One of the open challenges in designing robots that operate successfully in the unpredictable human environment is how to make them able to predict what actions they can perform on objects, and what their effects will be, i.e., the ability to perceive object affordances. Since modeling all the possible world interactions is unfeasible, learning from experience is required, posing the challenge of collecting a large amount of experiences (i.e., training data). Typically, a manipulative robot operates on external objects by using its own hands (or similar end-effectors), but in some cases the use of tools may be desirable; nevertheless, it is reasonable to assume that while a robot can collect many sensorimotor experiences using its own hands, this cannot happen for all possible human-made tools.

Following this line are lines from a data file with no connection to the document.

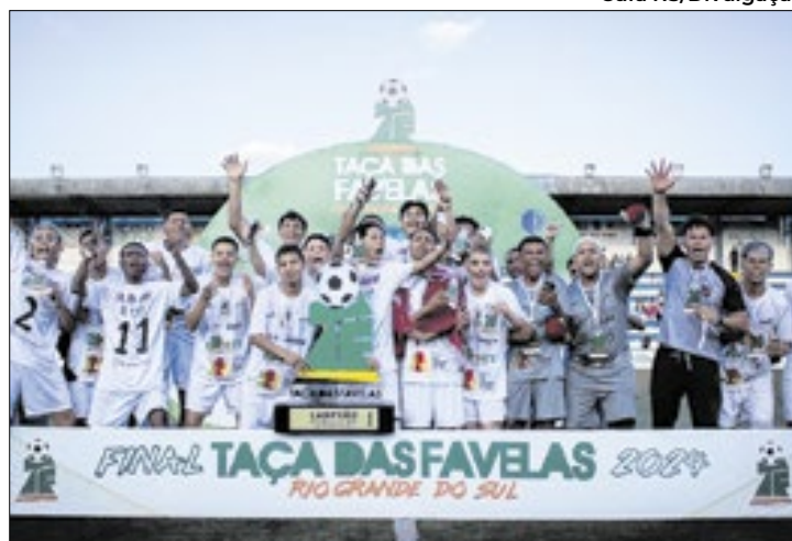
No masculino, o Bom Jesus superou o Municipal

Os campeões da segunda edição da Taça das Favelas RS foram conhecidos no sábado, em Porto Alegre. Na disputa feminina, venceu o Piratini, de Alvorada, e, no masculino, ganhou o Bom Jesus, de Porto Alegre. As finais aconteceram no estádio Passo D'Areia.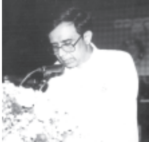
သီရိလင်္ကာဒီပိကရက်တစ် ဆိုရှယ်လစ်သမ္မတ နိုင်ငံ သမ္မတ မဒမ်ချန်ဒရီကာဘန်ဒရာနိကကေး ကုမာရာတွန်ဂါထံမှ ပေးပို့သော ဂုဏ်ပြုသဝဏ်လွှာ ကို ပြည်ထောင်စုမြန်မာနိုင်ငံတော်ဆိုင်ရာ သီရိ လင်္ကာ ဒီပိကရက်တစ် ဆိုရှယ်လစ်သမ္မတနိုင်ငံ သံအမတ်ကြီး H.E. Mr.D.M.M.Ranaraj က ဖတ်ကြားစဉ်။ (သတင်းစဉ်)

မဒမ်ချန်ဒရီကာ ဘန်ဒရာနိကကေး ကုမာရာတွန်ဂါ သမ္မတ။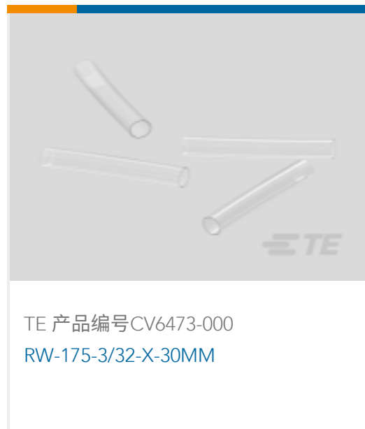
TE 产品编号CV6473-000 RW-175-3/32-X-30MM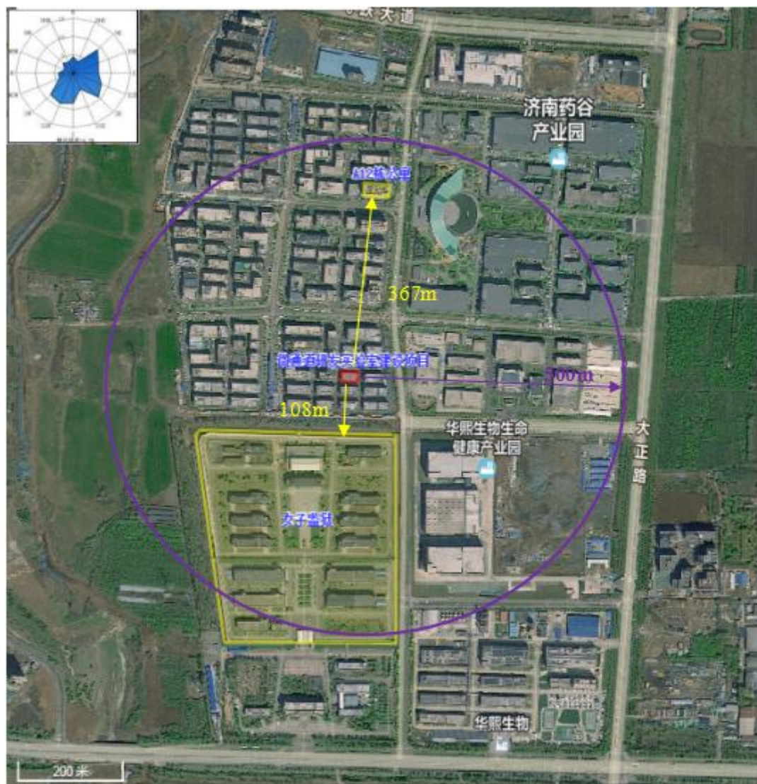
附图2 项目周边情况图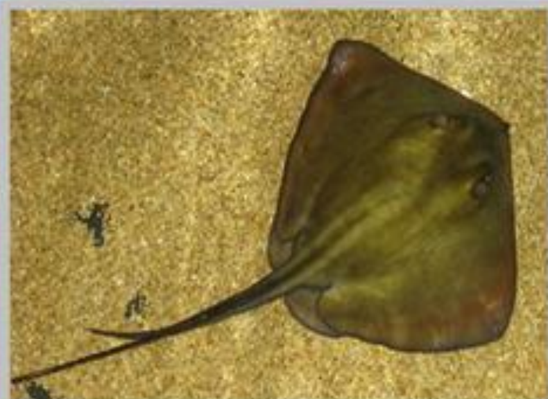
Скат хвостокол Морской кот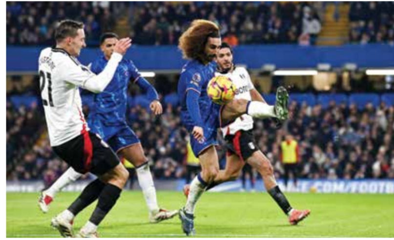
○ لحظة من مباراة فولهام و تشيلسي.

وبينما حاول لاعبو تشيلسي معاودة التقدم من جديد، أضاف رودريجو مونيز الهدف الثاني لفولهام في الدقيقة الخامسة من الوقت الضائع. ومن هجمة مرتدة، تلقى مونيز تمريرة عرضية من الجهة اليمنى من خلال ساشا لوكيتش، ليروض الكرة لنفسه داخل المنطقة، ويسدد دون مضايقة من أحد، واضعا الكرة على يسار روبرت سانشيز، حارس مرمى تشيلسي، الذي اكتفى بالنظر لها وهي تعانق شباكه، لينتهي اللقاء بفوز مثير لفولهام.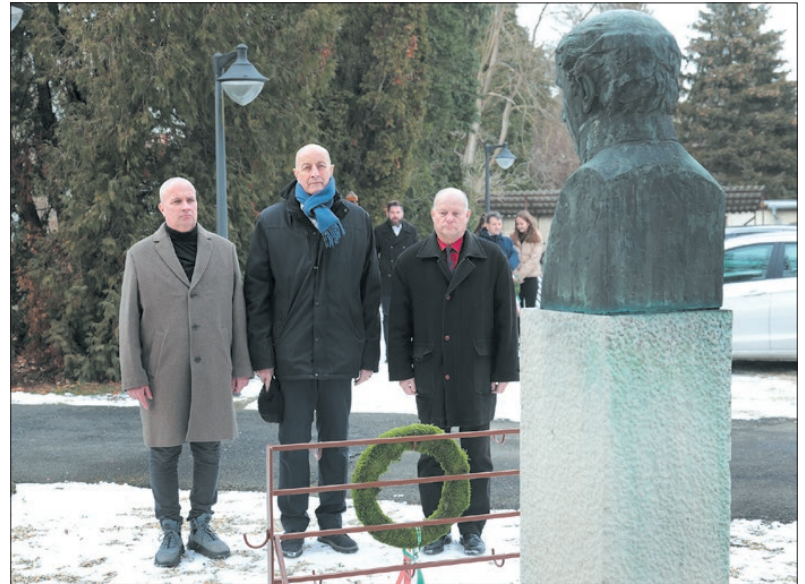
Megkoszorúzták Kölcsey Ferenc szobrát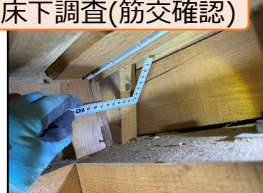
床下調査(筋交確認)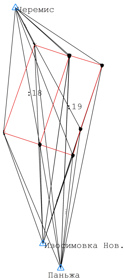
Схема геодезических построений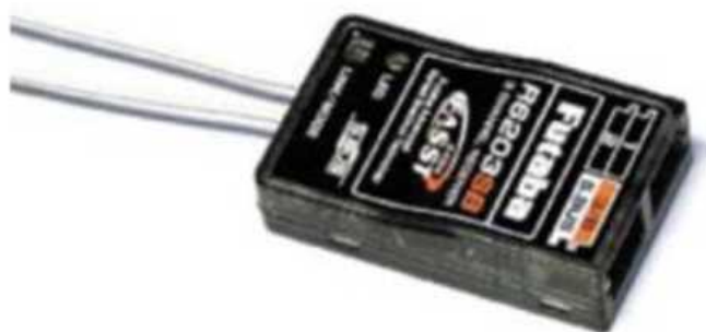
Рис. № 11 - Приемник аппаратуры управления.

Видеопередатчик (рис. № 10) - это устройство, передающее на наземную станцию изображение с камер БПЛА. Является самым заметным устройством на борту БПЛА, поэтому без необходимости включать его не стоит (это касается только тех БПЛА, которые хранят фотографии на борту), соблюдая режим радиомолчания. Такой режим уменьшает возможность применения противником средств РЭБ.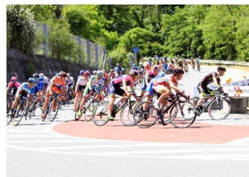
急カーブの通称「T O J コーナー」

Therefore, in this paper we investigate the developmental transition from hand to tool affordances: what sensorimotor skills that a robot has acquired with its bare hands can be employed for tool use? By employing a visual and motor imagination mechanism to represent different hand postures compactly, we propose a probabilistic model to learn hand affordances, and we show how this model can generalize to estimate the affordances of previously unseen tools, ultimately supporting planning, decision-making and tool selection tasks in humanoid robots. We present experimental results with the iCub humanoid robot, and we publicly release the collected sensorimotor data in the form of a hand posture affordances dataset.
Robotics is shifting from the domain of specialized industrial manipulators operating in a predictable and repeatable environment, towards more adaptable systems that are expected to work among people. This new generation of robots needs to operate in an unstructured and dynamic world, exposed to a multitude of objects and situations that cannot be modeled a priori. A crucial ability needed by these robots to succeed in such environment is to be able to predict the effects of their own actions, or to give a reasonable estimate when they interact with objects that were never seen before; this applies both to objects that are acted upon, and to those that may be used as tools to extend the capabilities of the robot body. The interplay between these elements (actions, objects, tool, effects) can be described by resorting to the concept of affordances (action possibilities), a concept that was initially proposed in psychology [jgibson:2014], supported by neuroscience evidence, and applied to several artificial intelligence (AI) and robotics systems; indeed, a growing line of research takes inspiration from human intelligence and development in order to design robust robot algorithms for affordance learning and perception, that can, in turn, support action selection and planning in unstructured environments [jamone:2016:tcds].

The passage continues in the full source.